Betul, mas Rifky, berita-berita di media skrg kok makin bikin rakyat apatis… berita negatif yg semestinya untuk konsumsi pribadi, malah dijadikan headline… shg minim sekali informasi yg bersifat membangun, yg mengajak rakyatnya untuk bangkit & berkompetisi mengejar ketertinggalan.Sebenarnya, masih ada banyak hal di atas yg belum saya sampaikan, di luar prestasi Fahma Waluya, yaitu begitu memilukan kisahnya setelah dia tamat SD tahun ini, sepertinya tidak satupun di ekspose oleh media, krn ini hasil ngobrol2 ringan dg ayahnya.
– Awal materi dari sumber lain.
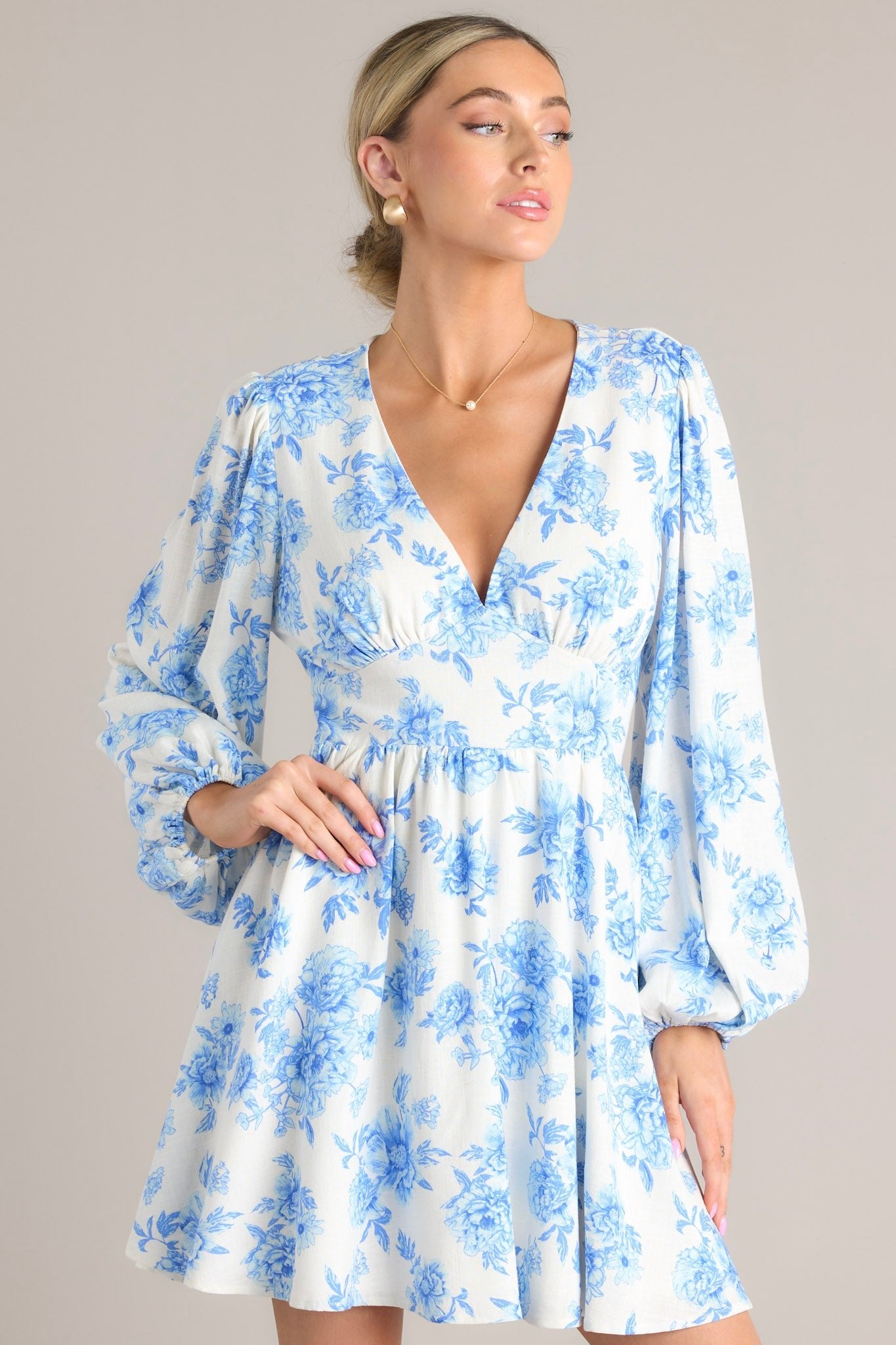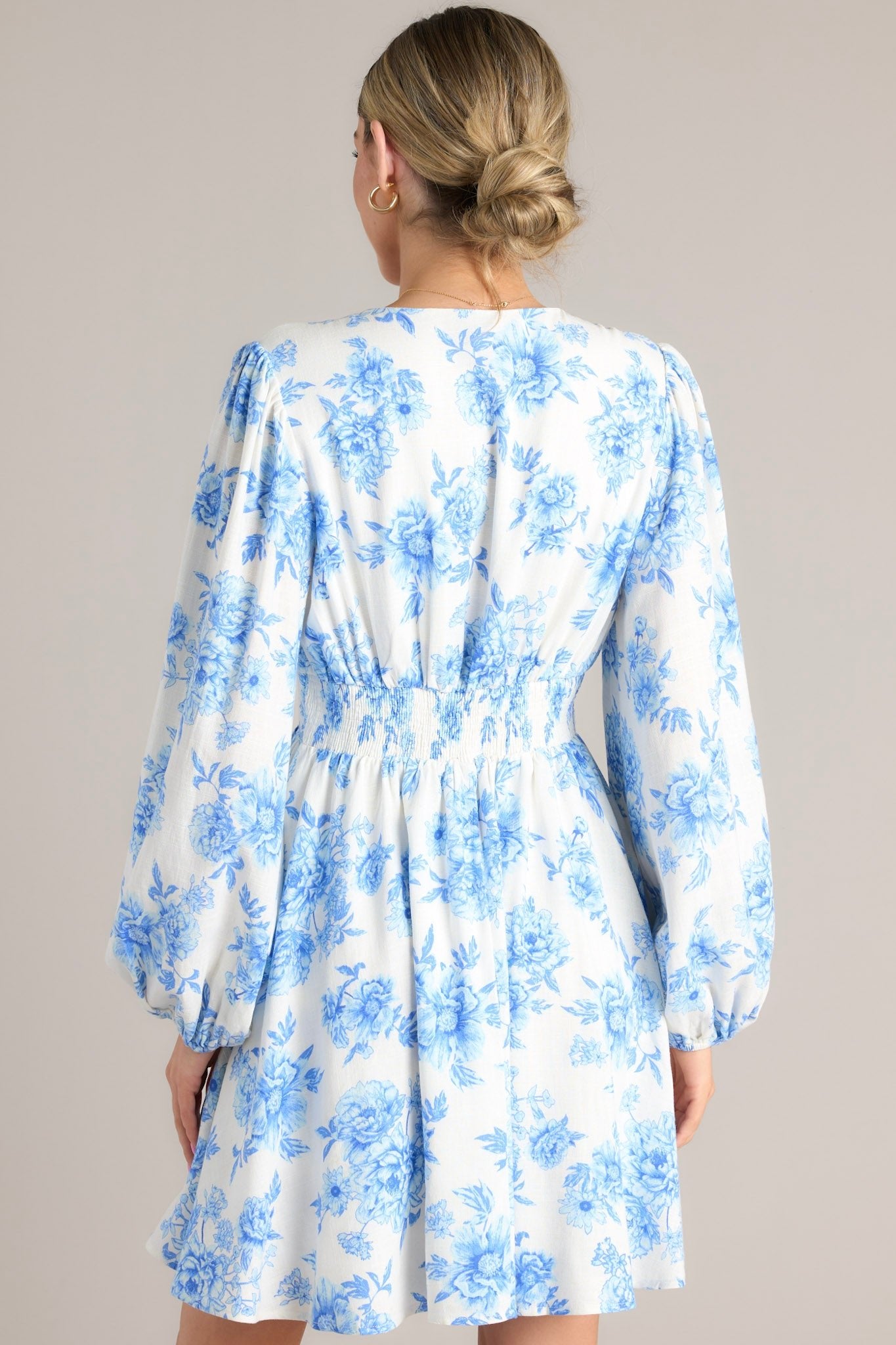 Bring a touch of charm and playfulness to your wardrobe with our Glimmer Of Hope White & Blue Floral Mini Dress. This gorgeous dress features a flattering fit and eye-catching blue floral design, perfect for any occasion. Add a touch of whimsy to your style and feel confident in this stunning mini dress! This dress features a deep v-neckline, ruching in the bust, a fitted waistband, a smocked back insert, and elastic cuffed long sleeves.

Namun, blessing ‘n disguise, di tengah-tengah kondisi dunia pendidikan yg tidak menghargainya itu (gara-gara oknum yg mata duitan), justru sekarang ia tampil sbg teknopreneur cilik, krn sudah dapat royalty dr Nokia dan sebentar lagi Google. Tunggu, Insya’ Allah, saya akan share infonya secara terpisah…
kenapa yang kaya gini jarang dipublikasi yah?kan setidaknya bisa mengimbangi berita yang miring2
betul, mas nono, ia berprestasi sambil mengejar akhirat, ya… dua-duanya yg didapat 🙂
Benar2 prestasi membanggakan…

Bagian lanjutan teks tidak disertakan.